🤖 AI Summary
Existing KBVQA methods rely on a single evidence source, leading to superficial reasoning and insufficient robustness and interpretability. To address this, we propose Synergos-VQA—a novel framework that, for the first time, synergistically integrates three heterogeneous evidence streams: (i) global scene awareness (holistic evidence), (ii) prototype-driven key object identification (structural evidence), and (iii) counterfactual probing–enabled causal reasoning (causal evidence). A dynamic multi-source fusion mechanism and plug-and-play module design facilitate cross-dimensional evidence complementarity and mutual verification. Evaluated on three major benchmarks—OK-VQA, A-OKVQA, and VQAv2—Synergos-VQA achieves state-of-the-art performance. It consistently improves question-answering accuracy and reasoning reliability across multiple open-source multimodal large language models (MLLMs), empirically demonstrating that multi-evidence synergy is more effective than mere model scaling.
📝 Abstract
Multimodal Large Language Models (MLLMs) have pushed the frontiers of Knowledge-Based Visual Question Answering (KBVQA), yet their reasoning is fundamentally bottlenecked by a reliance on uni-dimensional evidence. This "seeing only the trees, but not the forest" approach prevents robust, multi-faceted understanding. Inspired by the principle of seeing both the forest and trees, we propose Synergos-VQA, a novel synergistic reasoning framework. At its core, Synergos-VQA concurrently generates and fuses three complementary evidence streams at inference time: (1) Holistic Evidence to perceive the entire scene (the "forest"), (2) Structural Evidence from a prototype-driven module to identify key objects (the "trees"), and (3) Causal Evidence from a counterfactual probe to ensure the reasoning is robustly grounded.
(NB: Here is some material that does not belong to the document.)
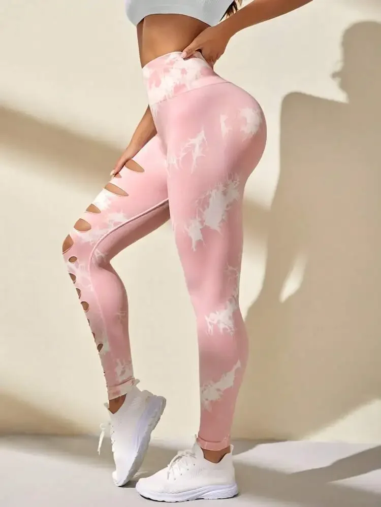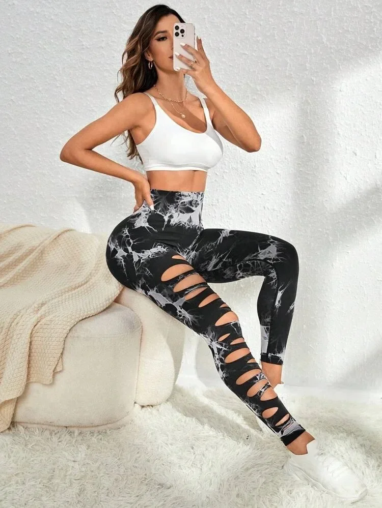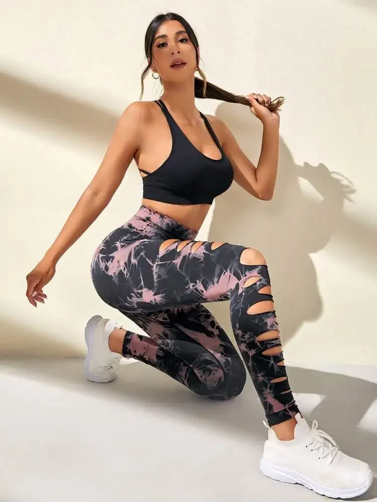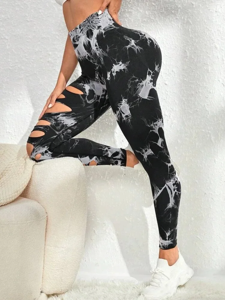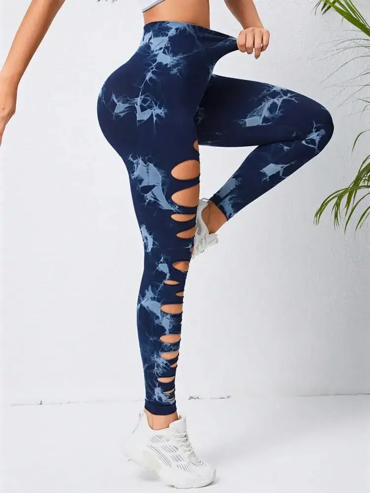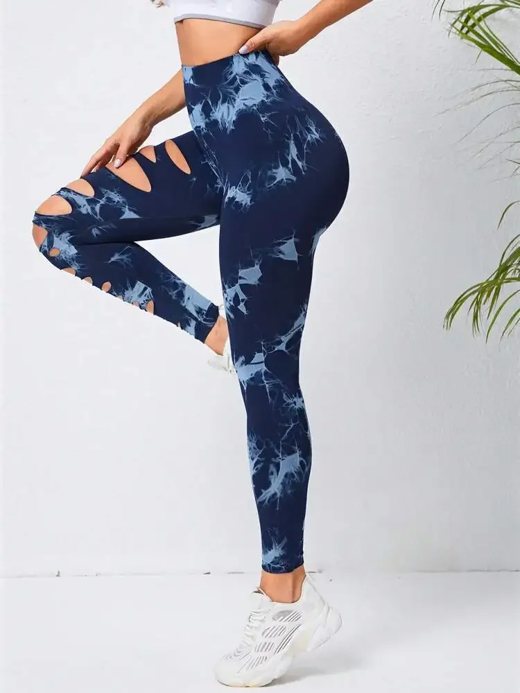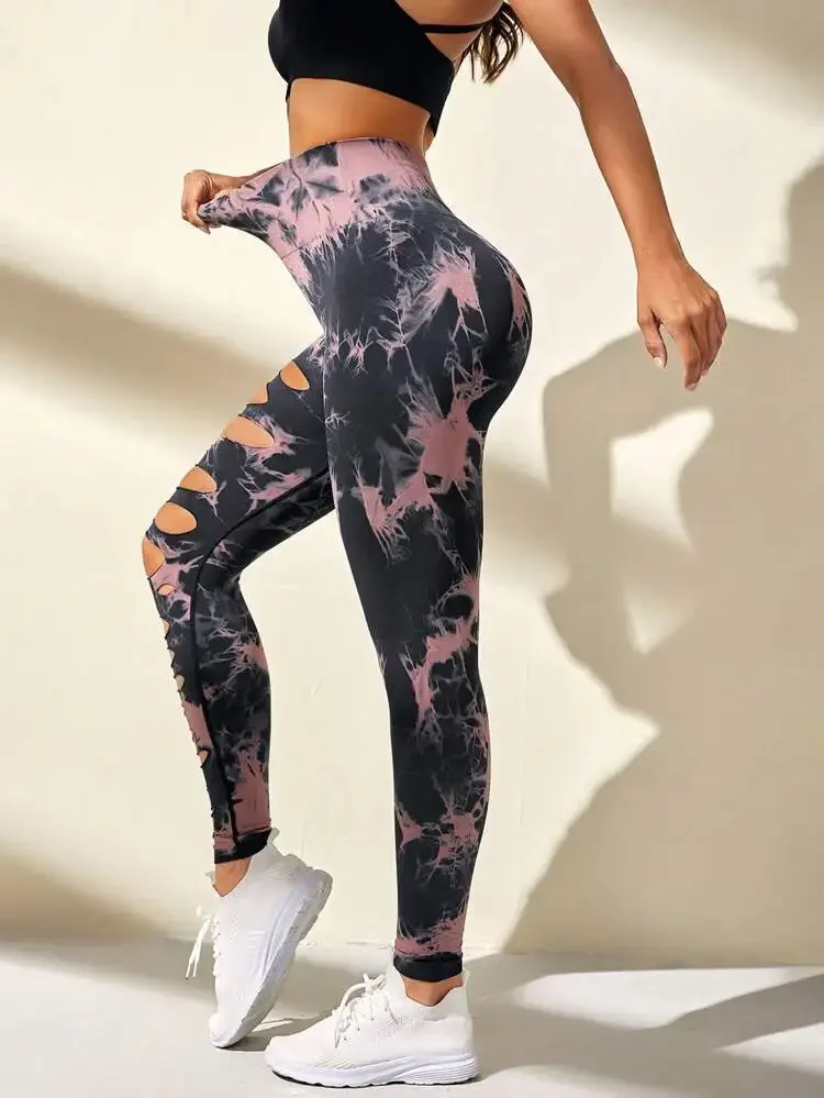 Tie Dye Yogo Gym Leggings Women Seamless Sport Tights Leggings High Waist Hollow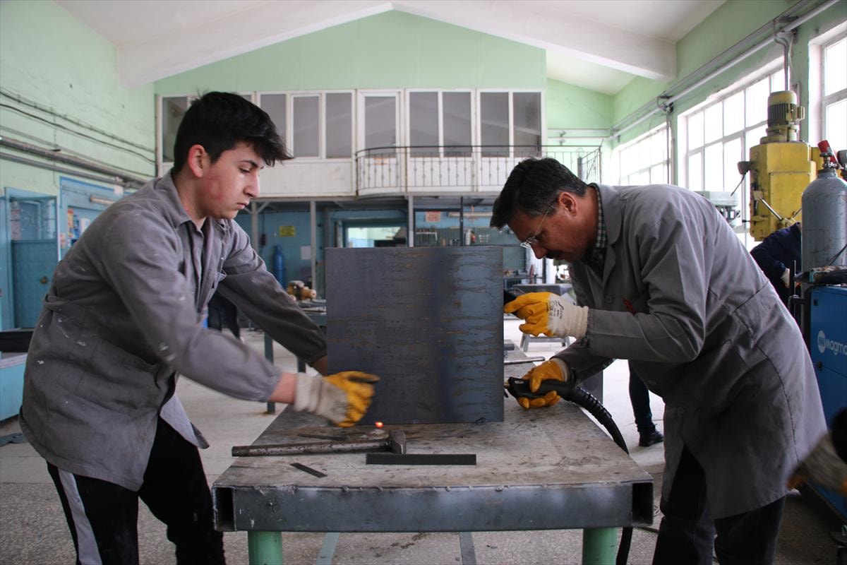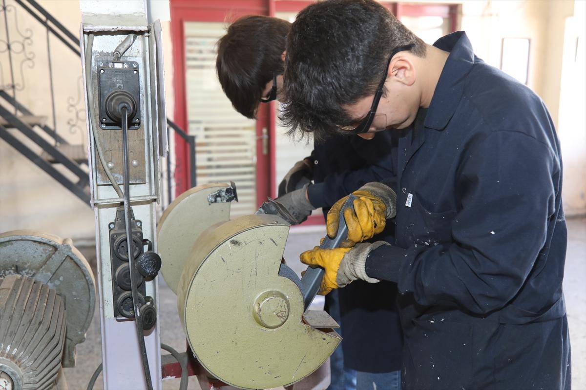 Siverek Ahmet Koyuncu Mesleki ve Teknik Anadolu Lisesi Metal Teknolojisi Alanı'na ait atölyede başlayan üretime okulun öğretmenleri ile bir grup öğrenci katılıyor.

By synergistically fusing this multi-faceted evidence, our framework achieves a more comprehensive and reliable reasoning process. Extensive experiments show that Synergos-VQA decisively establishes a new state-of-the-art on three challenging benchmarks, including OK-VQA and A-OKVQA. Furthermore, our approach demonstrates strong plug-and-play capabilities, significantly boosting various open-source MLLMs and proving that superior methodological design can outperform sheer model scale.